<<<<

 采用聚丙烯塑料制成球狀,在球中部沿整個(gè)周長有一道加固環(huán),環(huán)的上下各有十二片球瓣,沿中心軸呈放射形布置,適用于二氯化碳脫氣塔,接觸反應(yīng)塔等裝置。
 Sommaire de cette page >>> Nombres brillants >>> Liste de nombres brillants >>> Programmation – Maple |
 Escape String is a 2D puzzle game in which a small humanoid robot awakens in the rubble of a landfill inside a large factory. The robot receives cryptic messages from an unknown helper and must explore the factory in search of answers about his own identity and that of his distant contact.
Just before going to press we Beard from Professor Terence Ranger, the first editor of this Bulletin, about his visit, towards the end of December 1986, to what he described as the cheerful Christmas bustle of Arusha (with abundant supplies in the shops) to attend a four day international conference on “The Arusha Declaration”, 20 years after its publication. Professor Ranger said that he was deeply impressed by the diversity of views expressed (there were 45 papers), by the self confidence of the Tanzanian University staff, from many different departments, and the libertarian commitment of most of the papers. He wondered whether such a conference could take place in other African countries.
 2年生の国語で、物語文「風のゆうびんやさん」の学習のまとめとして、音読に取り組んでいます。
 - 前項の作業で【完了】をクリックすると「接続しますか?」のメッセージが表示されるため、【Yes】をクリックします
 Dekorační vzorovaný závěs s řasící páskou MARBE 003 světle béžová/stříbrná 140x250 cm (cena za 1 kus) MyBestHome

>>>>
<<<<

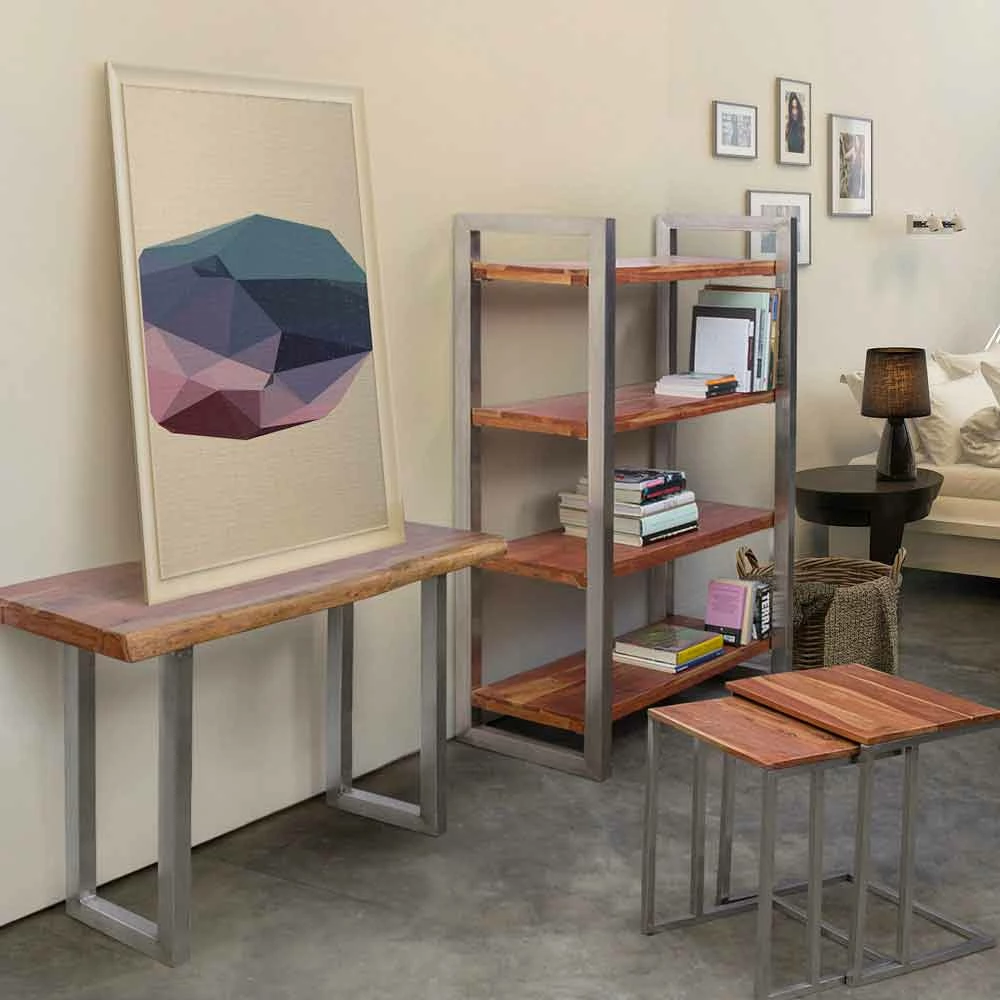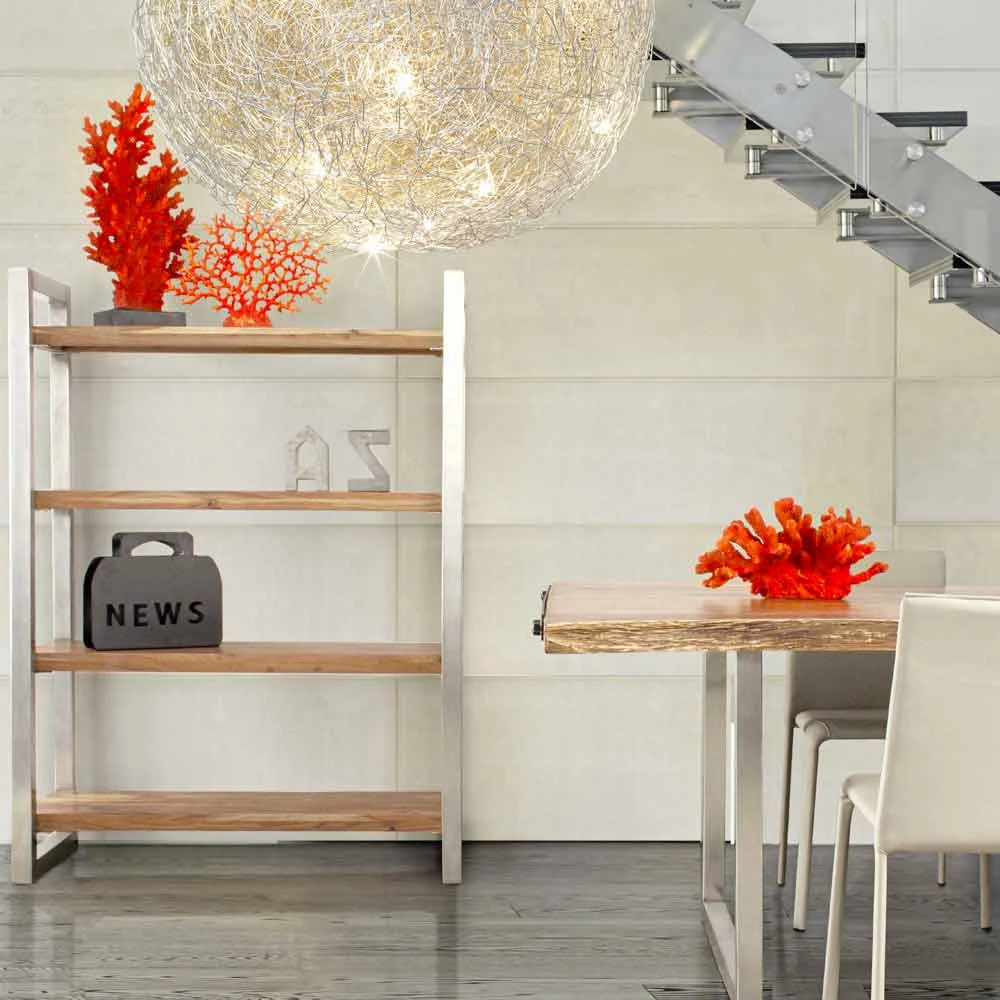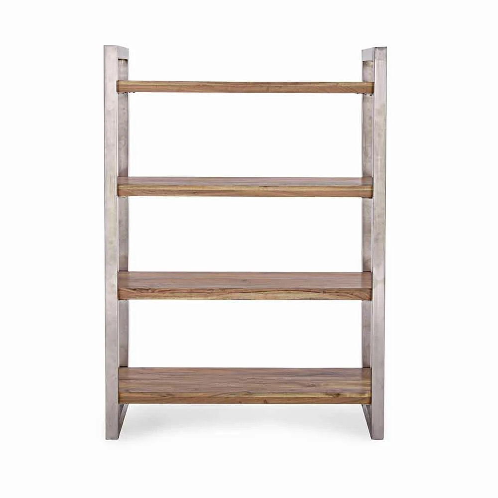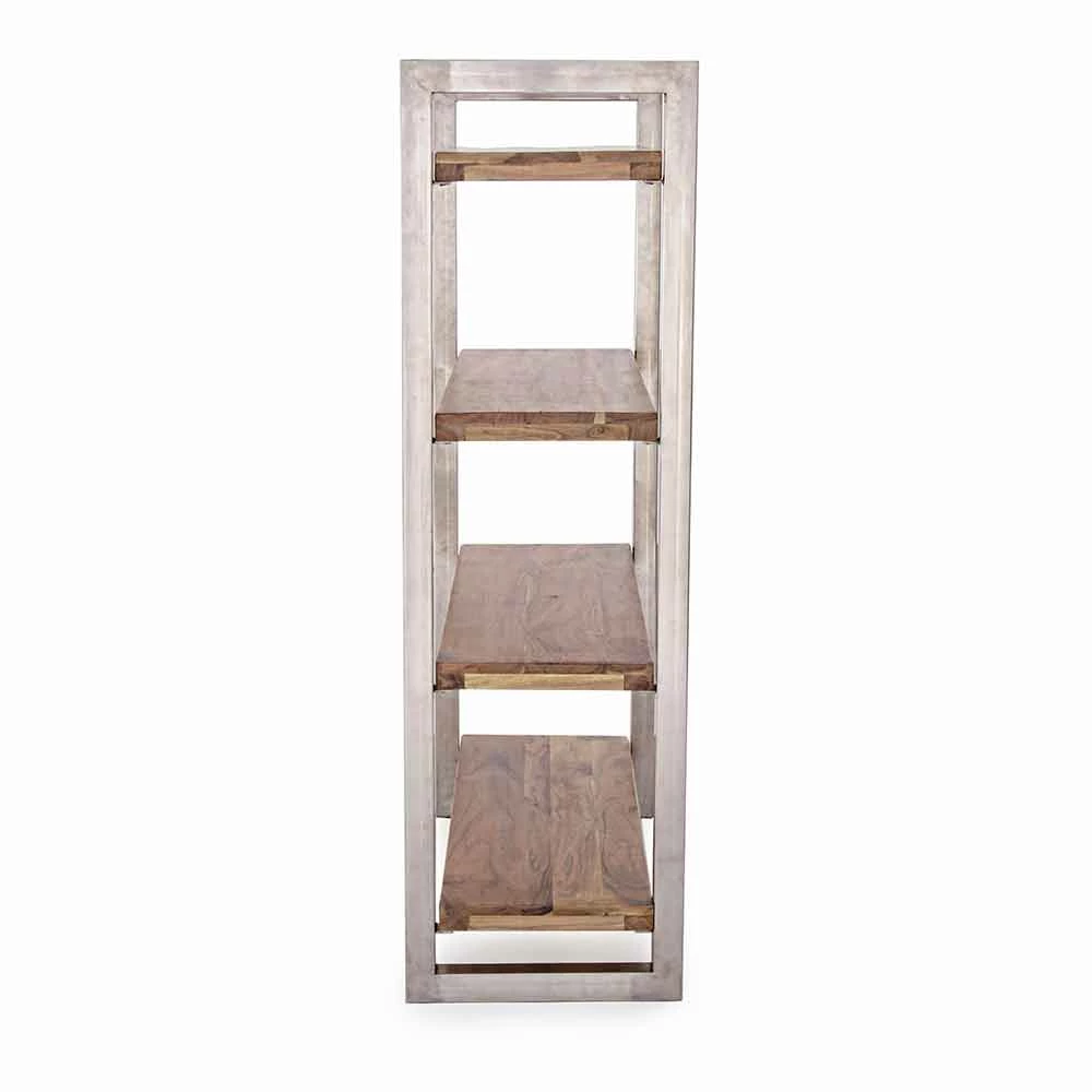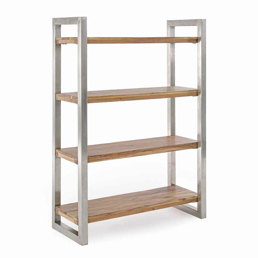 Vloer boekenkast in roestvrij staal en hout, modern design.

>>>>

Your goal
Using the entries above, extract exactly the span from the line with "Just before going" to the line with "Dekorační vzorovaný závěs", both lines included; leave out everything else.

Output
Just before going to press we Beard from Professor Terence Ranger, the first editor of this Bulletin, about his visit, towards the end of December 1986, to what he described as the cheerful Christmas bustle of Arusha (with abundant supplies in the shops) to attend a four day international conference on “The Arusha Declaration”, 20 years after its publication. Professor Ranger said that he was deeply impressed by the diversity of views expressed (there were 45 papers), by the self confidence of the Tanzanian University staff, from many different departments, and the libertarian commitment of most of the papers. He wondered whether such a conference could take place in other African countries.
 2年生の国語で、物語文「風のゆうびんやさん」の学習のまとめとして、音読に取り組んでいます。
 - 前項の作業で【完了】をクリックすると「接続しますか?」のメッセージが表示されるため、【Yes】をクリックします
 Dekorační vzorovaný závěs s řasící páskou MARBE 003 světle béžová/stříbrná 140x250 cm (cena za 1 kus) MyBestHome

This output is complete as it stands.